» What is expected: Begin your copy at the line with "Als ich einem" in the records below and end it at the line with "The optimal score defined", restating each line word for word; omit the pictures.

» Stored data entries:
Segment Open

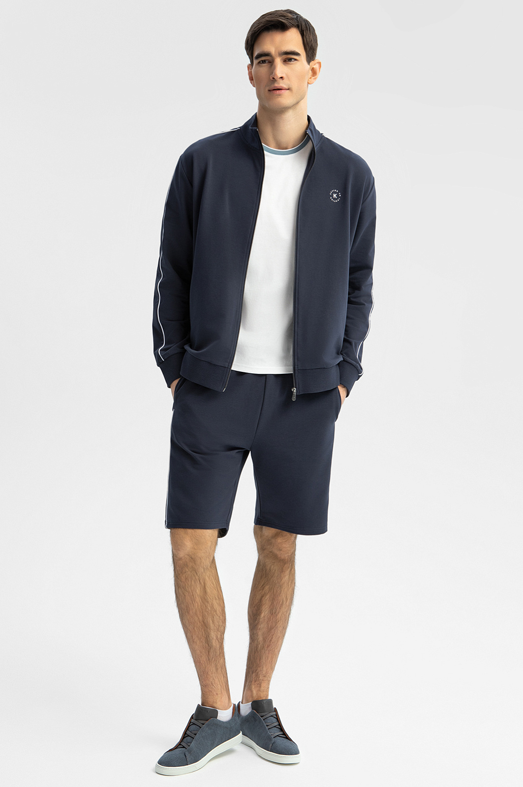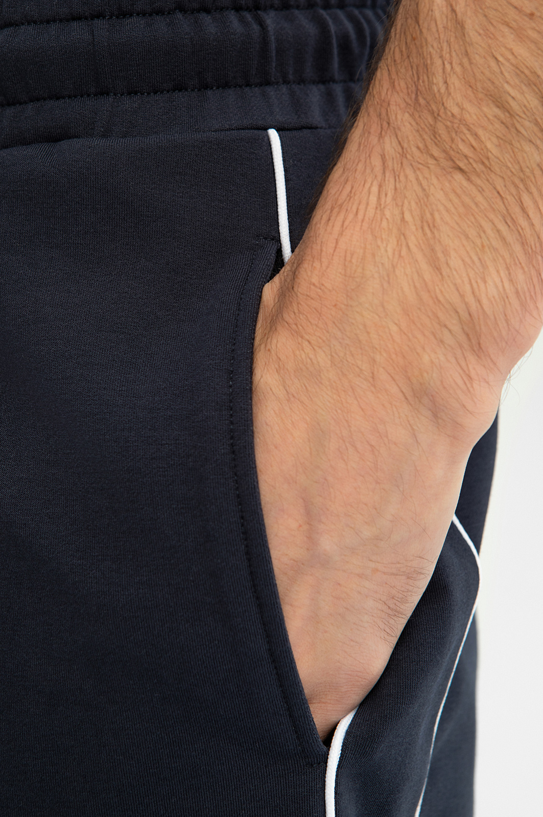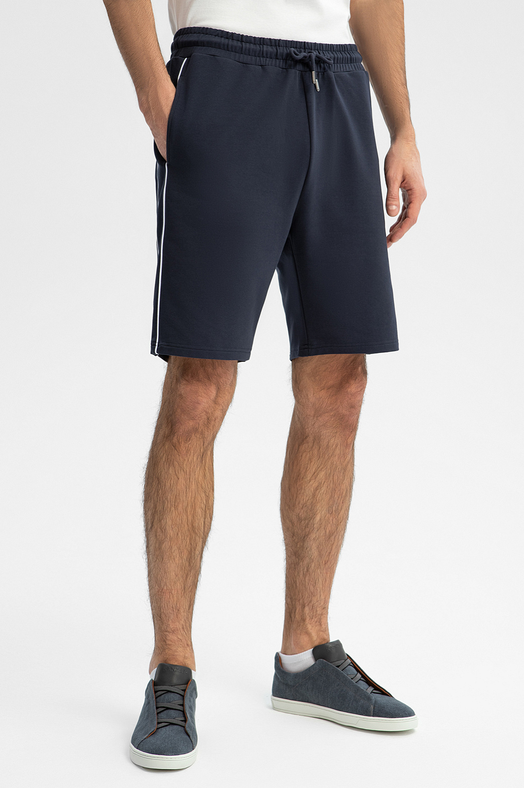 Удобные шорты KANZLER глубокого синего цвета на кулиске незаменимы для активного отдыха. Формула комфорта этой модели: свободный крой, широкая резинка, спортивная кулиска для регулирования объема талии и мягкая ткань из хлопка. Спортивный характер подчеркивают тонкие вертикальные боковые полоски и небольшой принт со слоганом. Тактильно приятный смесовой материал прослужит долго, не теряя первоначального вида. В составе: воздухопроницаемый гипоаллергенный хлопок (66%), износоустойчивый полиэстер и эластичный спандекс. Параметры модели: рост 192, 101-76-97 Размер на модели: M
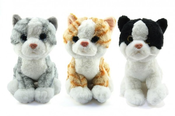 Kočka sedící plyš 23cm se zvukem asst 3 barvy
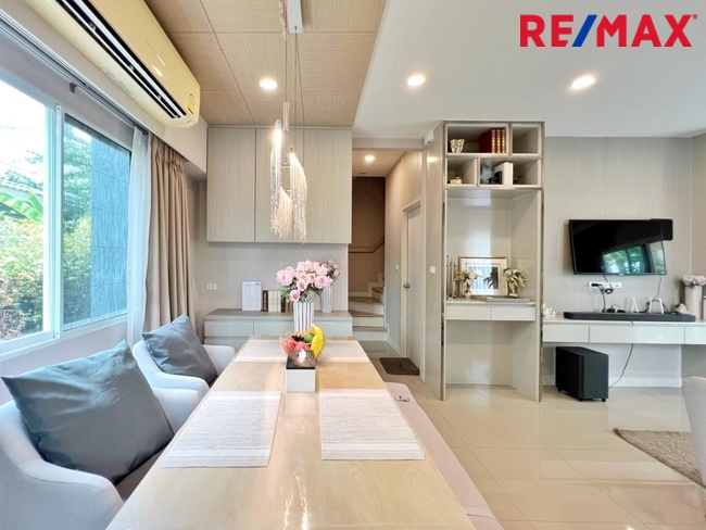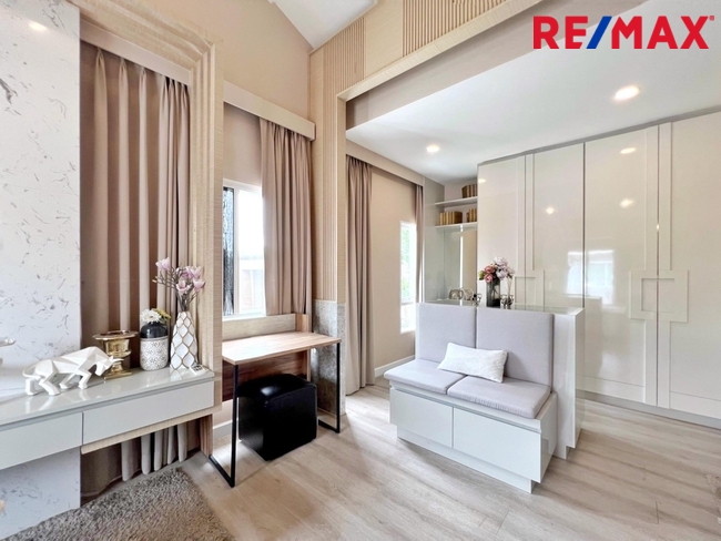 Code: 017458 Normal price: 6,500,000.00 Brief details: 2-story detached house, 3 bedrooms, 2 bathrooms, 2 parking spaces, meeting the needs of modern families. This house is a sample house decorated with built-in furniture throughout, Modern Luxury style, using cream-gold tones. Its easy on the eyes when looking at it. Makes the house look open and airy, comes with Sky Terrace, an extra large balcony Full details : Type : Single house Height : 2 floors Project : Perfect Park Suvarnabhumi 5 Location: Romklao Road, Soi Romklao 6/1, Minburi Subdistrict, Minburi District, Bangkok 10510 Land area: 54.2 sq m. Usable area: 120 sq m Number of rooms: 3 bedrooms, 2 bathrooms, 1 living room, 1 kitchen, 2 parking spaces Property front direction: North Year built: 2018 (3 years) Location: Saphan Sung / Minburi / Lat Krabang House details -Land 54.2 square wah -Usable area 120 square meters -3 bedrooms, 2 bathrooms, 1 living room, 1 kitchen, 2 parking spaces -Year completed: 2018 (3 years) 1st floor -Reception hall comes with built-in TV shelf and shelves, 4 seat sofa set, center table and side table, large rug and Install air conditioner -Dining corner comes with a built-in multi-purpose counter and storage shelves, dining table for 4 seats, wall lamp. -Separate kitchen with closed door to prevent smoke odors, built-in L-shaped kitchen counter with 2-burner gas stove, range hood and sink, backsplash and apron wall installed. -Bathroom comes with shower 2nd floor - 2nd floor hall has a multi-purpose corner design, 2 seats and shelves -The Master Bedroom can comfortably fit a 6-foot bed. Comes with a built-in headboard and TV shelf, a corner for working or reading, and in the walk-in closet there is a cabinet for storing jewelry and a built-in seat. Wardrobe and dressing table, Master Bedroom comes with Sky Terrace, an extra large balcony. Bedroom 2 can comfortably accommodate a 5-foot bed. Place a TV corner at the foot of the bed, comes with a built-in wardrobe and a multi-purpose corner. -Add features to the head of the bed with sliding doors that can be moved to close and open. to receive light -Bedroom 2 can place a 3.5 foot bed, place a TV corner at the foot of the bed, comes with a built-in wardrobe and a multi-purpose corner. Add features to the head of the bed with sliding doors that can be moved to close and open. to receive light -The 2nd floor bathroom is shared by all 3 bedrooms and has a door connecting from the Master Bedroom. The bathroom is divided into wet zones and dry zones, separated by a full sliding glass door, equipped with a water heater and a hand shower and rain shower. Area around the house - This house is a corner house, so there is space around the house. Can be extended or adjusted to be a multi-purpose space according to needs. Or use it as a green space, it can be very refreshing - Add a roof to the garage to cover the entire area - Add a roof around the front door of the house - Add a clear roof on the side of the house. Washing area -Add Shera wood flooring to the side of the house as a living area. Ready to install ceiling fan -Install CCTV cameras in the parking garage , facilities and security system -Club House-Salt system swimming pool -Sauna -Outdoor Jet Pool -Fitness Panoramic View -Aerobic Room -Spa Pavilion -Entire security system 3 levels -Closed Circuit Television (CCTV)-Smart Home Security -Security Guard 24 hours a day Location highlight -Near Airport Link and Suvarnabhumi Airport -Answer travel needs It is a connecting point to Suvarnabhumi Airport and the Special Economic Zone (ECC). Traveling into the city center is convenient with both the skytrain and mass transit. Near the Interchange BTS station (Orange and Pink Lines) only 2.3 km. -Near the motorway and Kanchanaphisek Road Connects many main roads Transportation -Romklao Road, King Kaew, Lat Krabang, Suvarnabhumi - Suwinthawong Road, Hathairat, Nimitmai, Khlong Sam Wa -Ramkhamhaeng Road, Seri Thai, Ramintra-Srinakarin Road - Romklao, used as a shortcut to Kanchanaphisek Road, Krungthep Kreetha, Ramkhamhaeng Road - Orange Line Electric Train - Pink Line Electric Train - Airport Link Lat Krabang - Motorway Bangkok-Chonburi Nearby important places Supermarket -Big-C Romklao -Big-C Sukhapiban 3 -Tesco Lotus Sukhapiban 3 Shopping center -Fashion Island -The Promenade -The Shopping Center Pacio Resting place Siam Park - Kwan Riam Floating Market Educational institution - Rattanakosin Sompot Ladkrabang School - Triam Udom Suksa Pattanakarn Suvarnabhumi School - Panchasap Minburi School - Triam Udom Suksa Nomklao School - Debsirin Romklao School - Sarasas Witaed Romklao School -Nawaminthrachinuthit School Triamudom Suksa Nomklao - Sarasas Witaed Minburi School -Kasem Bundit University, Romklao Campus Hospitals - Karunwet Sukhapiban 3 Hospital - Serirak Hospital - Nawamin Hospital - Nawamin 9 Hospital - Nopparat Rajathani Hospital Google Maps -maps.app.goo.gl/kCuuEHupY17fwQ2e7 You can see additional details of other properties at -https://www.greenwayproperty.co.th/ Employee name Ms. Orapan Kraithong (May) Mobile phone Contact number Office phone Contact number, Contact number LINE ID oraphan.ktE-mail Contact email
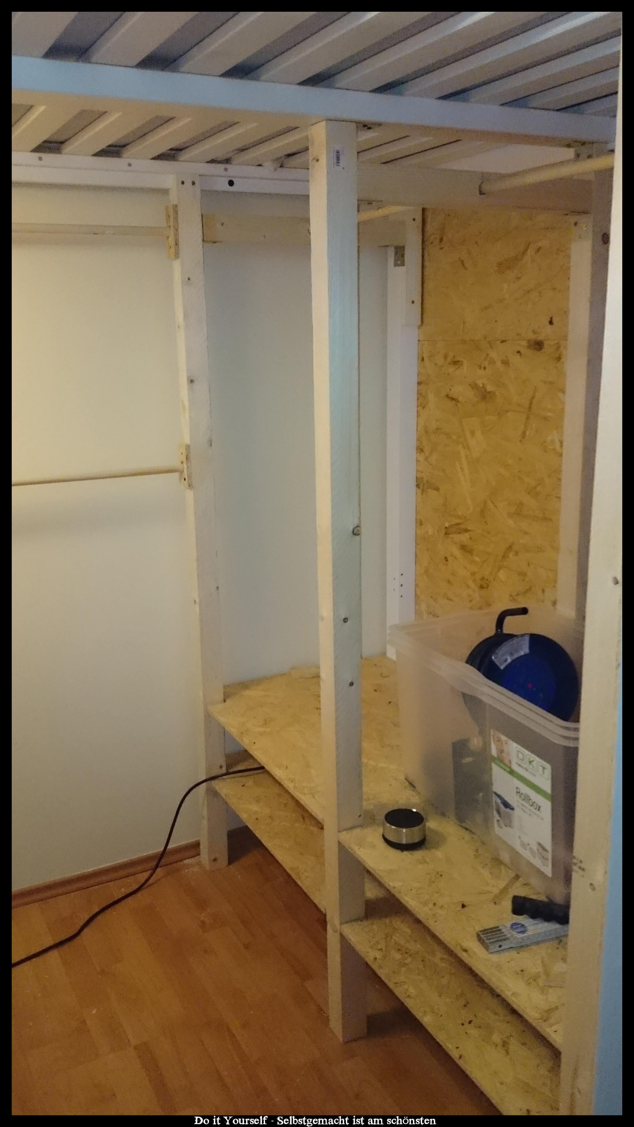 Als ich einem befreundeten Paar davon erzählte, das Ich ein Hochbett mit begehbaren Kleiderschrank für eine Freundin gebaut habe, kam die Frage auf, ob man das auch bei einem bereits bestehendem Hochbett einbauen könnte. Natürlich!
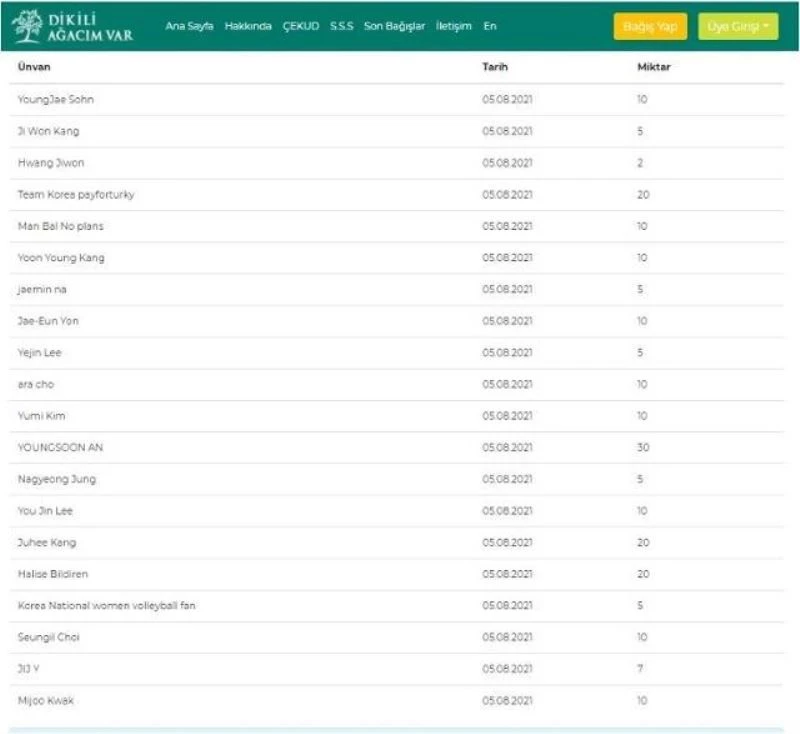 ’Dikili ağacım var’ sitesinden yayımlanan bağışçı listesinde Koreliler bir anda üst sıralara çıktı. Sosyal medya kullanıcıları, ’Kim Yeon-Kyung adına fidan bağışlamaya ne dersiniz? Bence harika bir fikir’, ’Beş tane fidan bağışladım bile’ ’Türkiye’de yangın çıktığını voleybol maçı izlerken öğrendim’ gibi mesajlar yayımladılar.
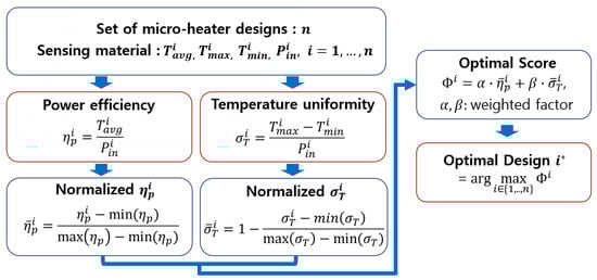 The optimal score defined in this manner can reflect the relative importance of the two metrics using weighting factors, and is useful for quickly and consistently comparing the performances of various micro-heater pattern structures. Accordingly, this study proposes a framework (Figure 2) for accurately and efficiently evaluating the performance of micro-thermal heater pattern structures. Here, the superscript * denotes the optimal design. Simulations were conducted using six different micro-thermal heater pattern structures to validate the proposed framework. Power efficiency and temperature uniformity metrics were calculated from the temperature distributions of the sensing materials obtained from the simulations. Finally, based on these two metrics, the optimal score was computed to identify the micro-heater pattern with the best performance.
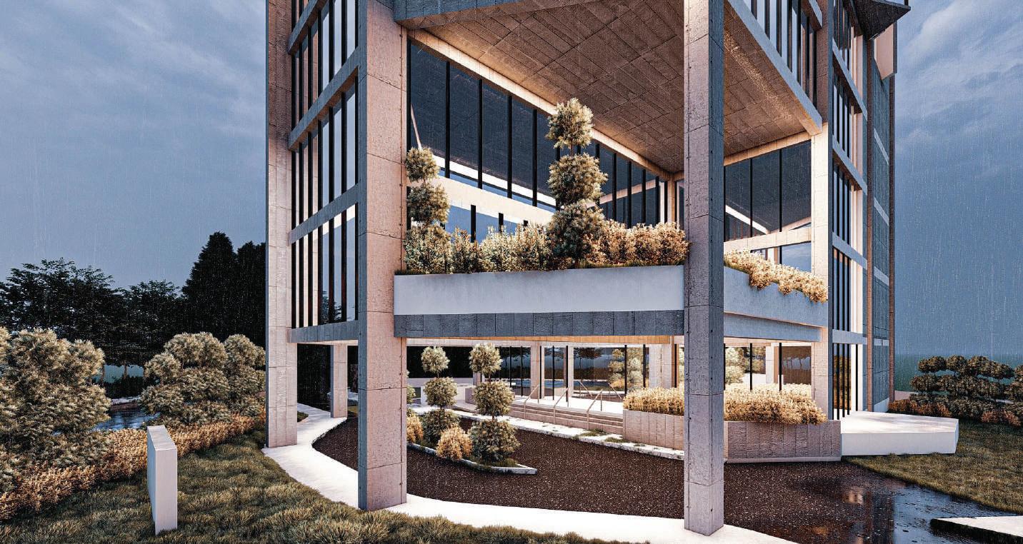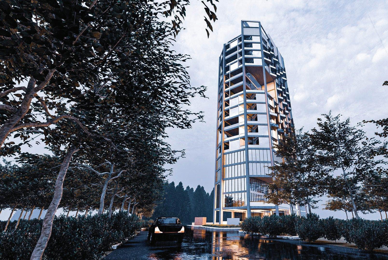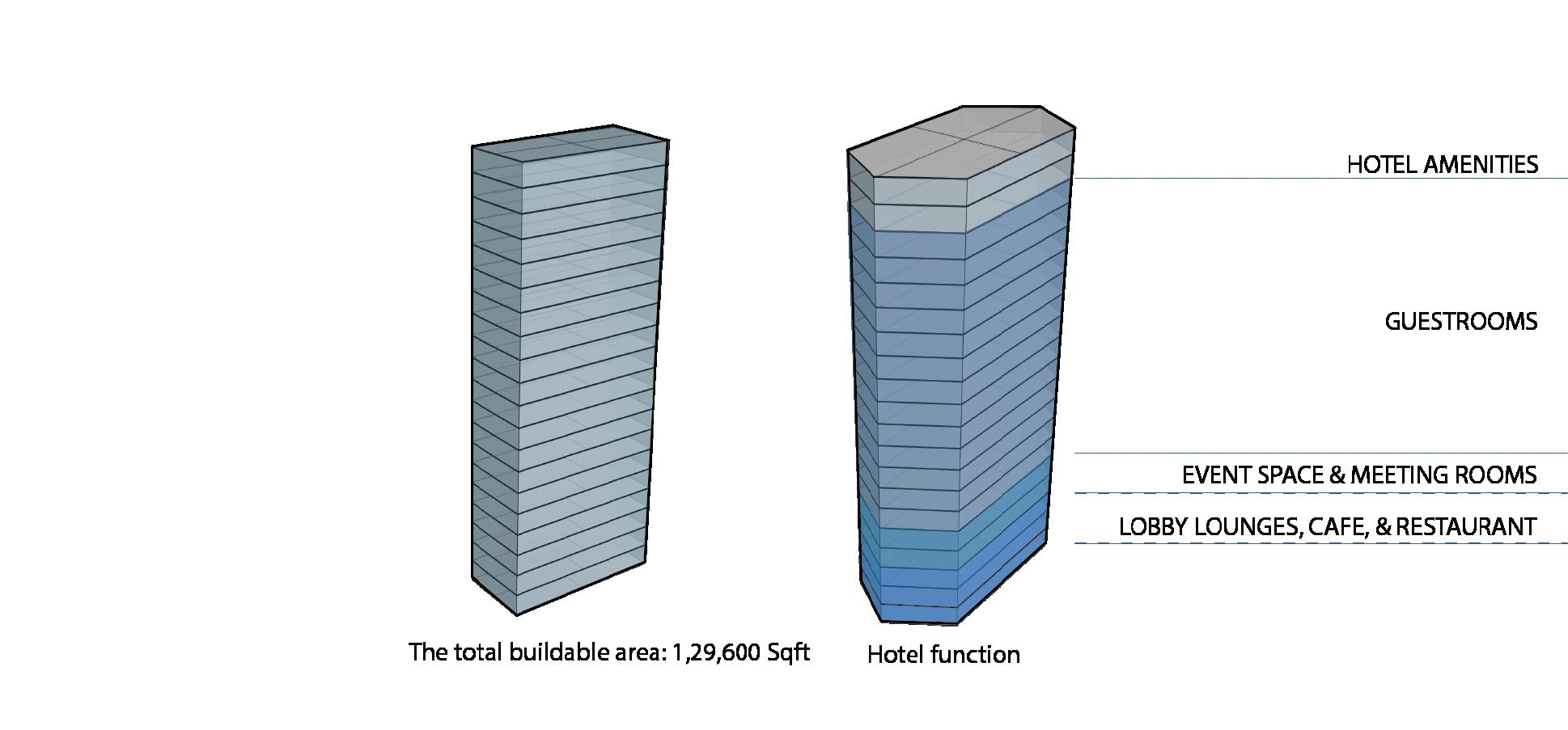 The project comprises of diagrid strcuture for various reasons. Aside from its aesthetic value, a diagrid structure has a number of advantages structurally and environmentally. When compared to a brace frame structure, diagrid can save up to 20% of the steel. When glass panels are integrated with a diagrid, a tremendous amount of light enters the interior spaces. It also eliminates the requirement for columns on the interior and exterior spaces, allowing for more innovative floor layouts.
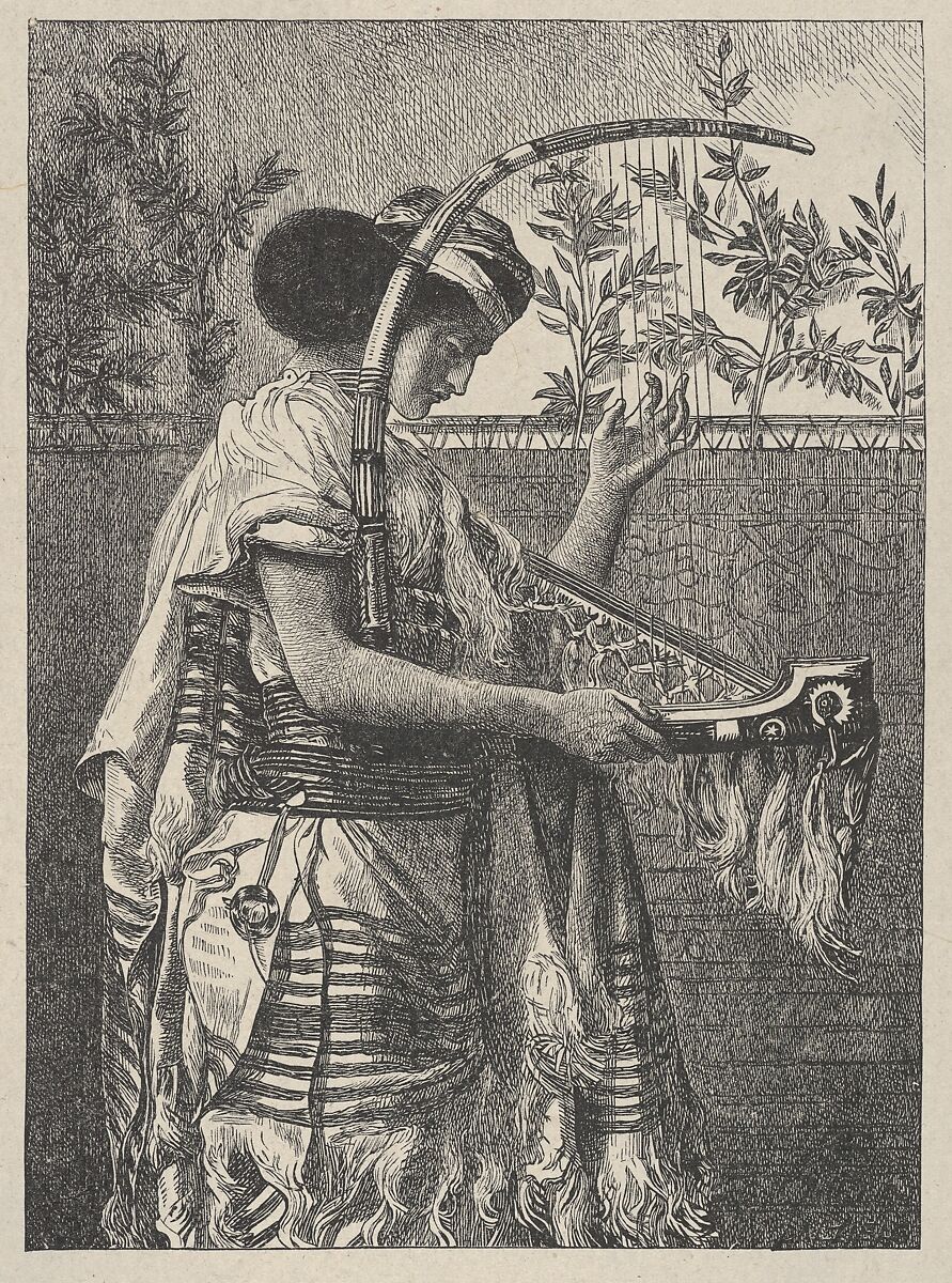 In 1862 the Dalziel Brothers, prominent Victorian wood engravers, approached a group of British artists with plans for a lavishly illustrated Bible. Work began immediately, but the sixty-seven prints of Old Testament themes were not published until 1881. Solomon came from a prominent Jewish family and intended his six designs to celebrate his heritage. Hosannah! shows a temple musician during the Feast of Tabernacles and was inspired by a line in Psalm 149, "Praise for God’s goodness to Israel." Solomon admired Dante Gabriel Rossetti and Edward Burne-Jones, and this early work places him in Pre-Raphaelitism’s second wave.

Segment Closed

» Response to the exercise:
 Als ich einem befreundeten Paar davon erzählte, das Ich ein Hochbett mit begehbaren Kleiderschrank für eine Freundin gebaut habe, kam die Frage auf, ob man das auch bei einem bereits bestehendem Hochbett einbauen könnte. Natürlich!
 ’Dikili ağacım var’ sitesinden yayımlanan bağışçı listesinde Koreliler bir anda üst sıralara çıktı. Sosyal medya kullanıcıları, ’Kim Yeon-Kyung adına fidan bağışlamaya ne dersiniz? Bence harika bir fikir’, ’Beş tane fidan bağışladım bile’ ’Türkiye’de yangın çıktığını voleybol maçı izlerken öğrendim’ gibi mesajlar yayımladılar.
 The optimal score defined in this manner can reflect the relative importance of the two metrics using weighting factors, and is useful for quickly and consistently comparing the performances of various micro-heater pattern structures. Accordingly, this study proposes a framework (Figure 2) for accurately and efficiently evaluating the performance of micro-thermal heater pattern structures. Here, the superscript * denotes the optimal design. Simulations were conducted using six different micro-thermal heater pattern structures to validate the proposed framework. Power efficiency and temperature uniformity metrics were calculated from the temperature distributions of the sensing materials obtained from the simulations. Finally, based on these two metrics, the optimal score was computed to identify the micro-heater pattern with the best performance.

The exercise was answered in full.